Сын оставил ее вопрос без ответа, словно ответ мог быть только один и они оба его знали.
– Так вы вдвоем? Очень мило. Словно много лет назад. Но как же вы прилетели, если у нас тут забастовка авиадиспетчеров и все рейсы отменены?
– А вот так… – Жена разрешила себе немного пококетничать и похвастаться, не раскрывая полностью своих карт, – на личном самолете, как уважающие себя родители преуспевающего сына.
Сын воздел руки к небу, воздавая должное тому, что нас не затрудняет выбор средств передвижения.
– Прошу в дом. – Широким жестом он словно бы разостлал перед нами невидимую ковровую дорожку, на которую мы не без боязни ступили.
– В самом деле, мы не предупредили… Может, мы вас стесним? Твои домашние не будут недовольны? – Жена все-таки хотела получить ответ на заданный чуть ранее вопрос.
– Ах, оставь! Какие разговоры! Прошу… прошу… – Сын вел нас по дому, открывая двери туда, куда следовало смотреть, и незаметно прикрывая туда, куда не следовало. – Это гостиная… это мой кабинет… это тренажерный зал…
– Как твой мальчик? – Закрытая дверь дала повод жене спросить Варфоломея о его сыне.

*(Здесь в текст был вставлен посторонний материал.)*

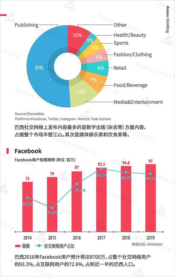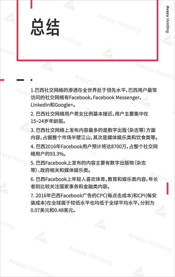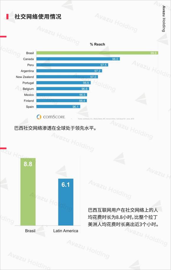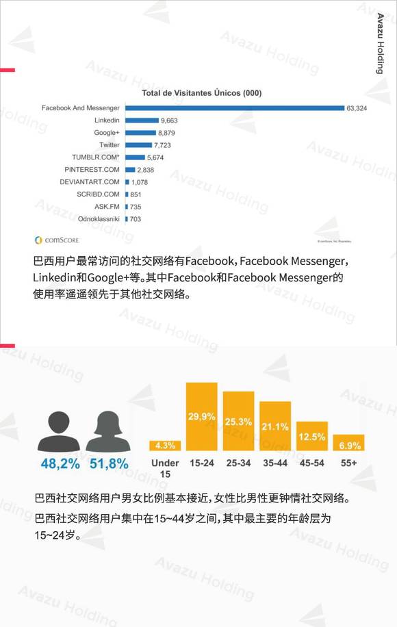 巴西社交网络渗透在全世界处于领先水平,巴西用户最常访问的社交网络有Facebook,Facebook Messenger,Linkedin和Google+。
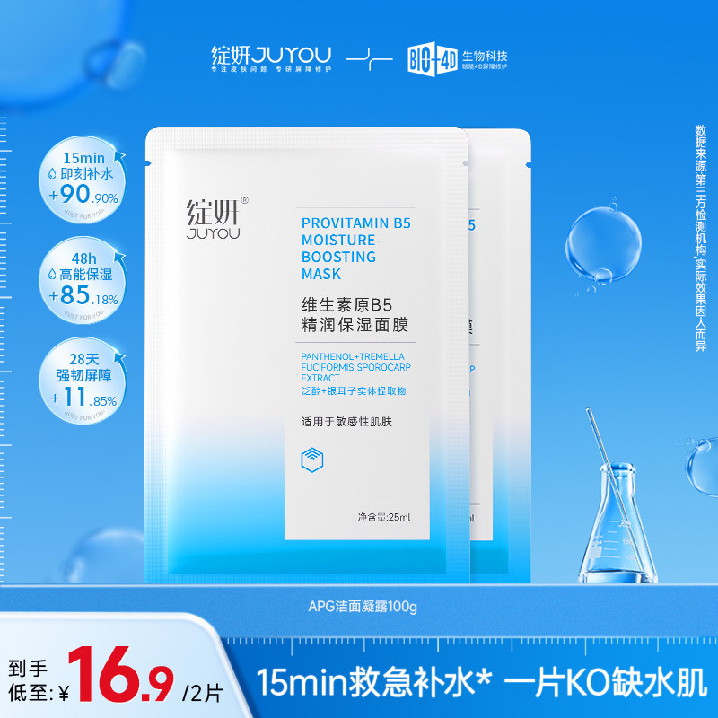 绽妍维生素b5面膜 补水保湿 舒缓修护屏障 敏感肌护肤品2片BY
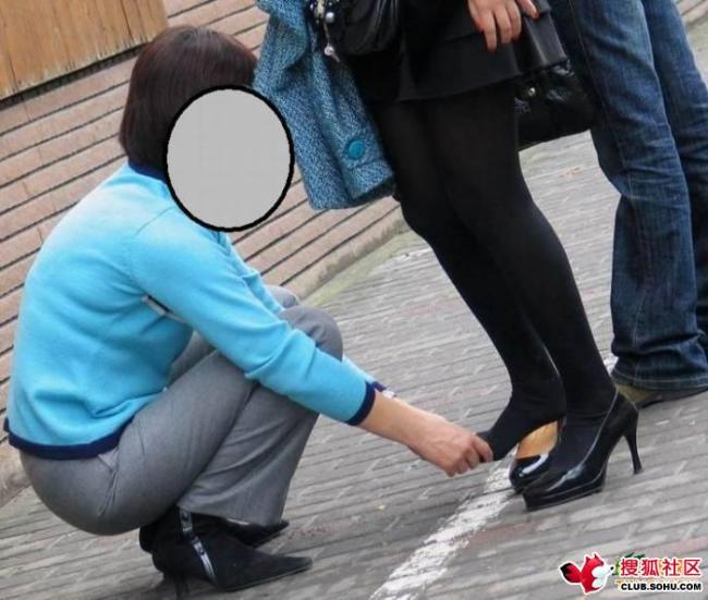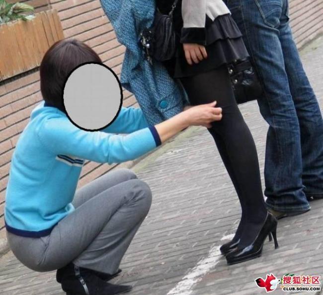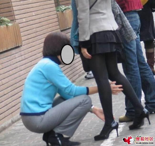 脑残女当街要亲生母亲帮自己整理丝wa(组图)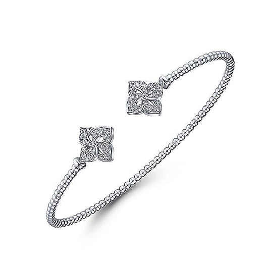 Gabriel & Co. BG4256-62W45JJ 14K White Gold Bujukan Split Cuff Bracelet with Diamond Flower Caps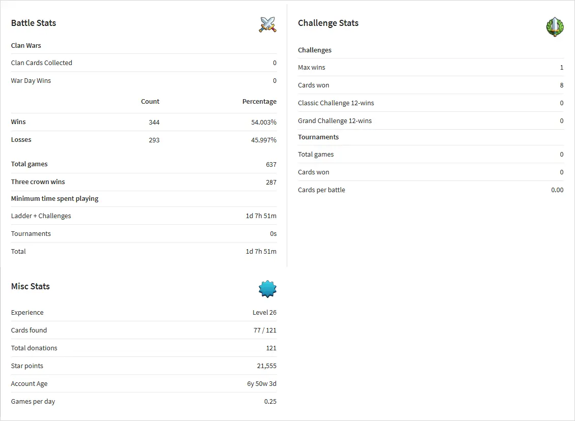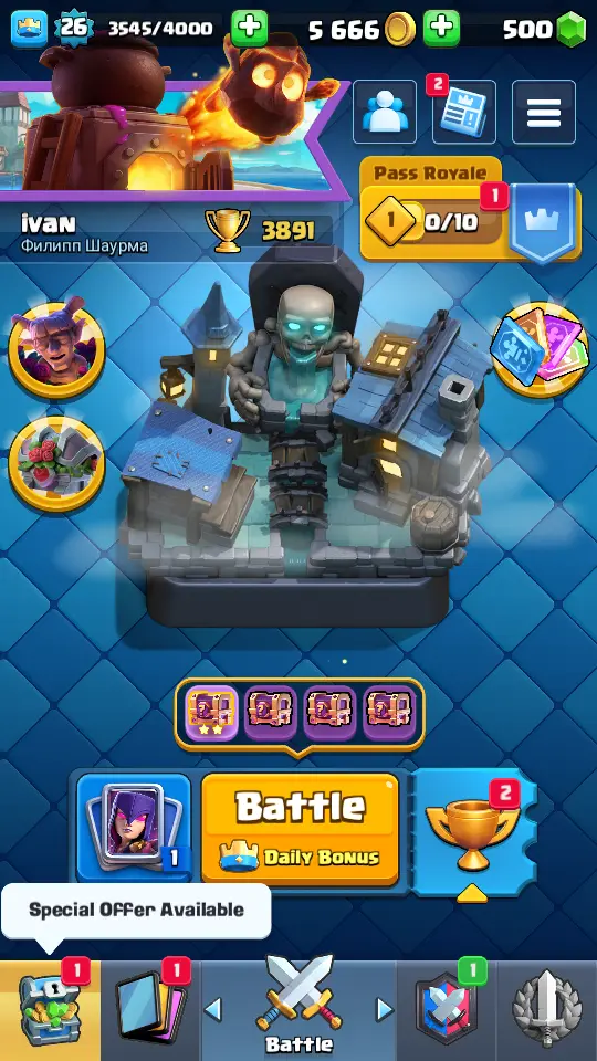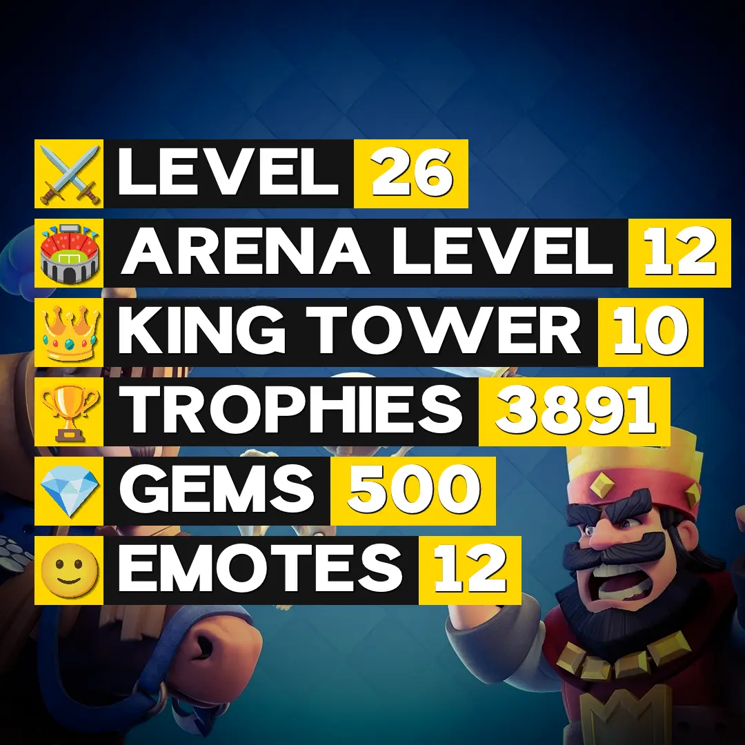 👑 King Tower 10 🏆 3891 Trophies ⚔️ Level 26 💎 Gems: 500 🧬 Evolutions: 0 🔒 Recovery Codes

– Он учится в Оксфорде. Боксер и голкипер студенческой команды. – Варфоломей показывал, что закрытая дверь может легко оказаться открытой. – Обещал на зимние каникулы нас навестить.
– Славно. А твоя жена? Ты нас познакомишь?
– Вы же знакомы… еще по Одинцову, – сказал Варфоломей, после чего возникла неловкая пауза: жене не слишком хотелось здесь в Калифорнии продолжать знакомства, возникшие еще в Одинцове.
– Ах, да! Но это было так давно, и обстановка сейчас… м-да… совсем другая… – пришел я на помощь своей жене, спрашивая ее взглядом, почему она так растерялась и не произносит того, что следовало произнести скорее ей, чем мне.
– Да, это было так давно… – заученно повторила жена с извиняющейся улыбкой.
– Клавдия Васильевна немного не здорова, но она к нам непременно выйдет.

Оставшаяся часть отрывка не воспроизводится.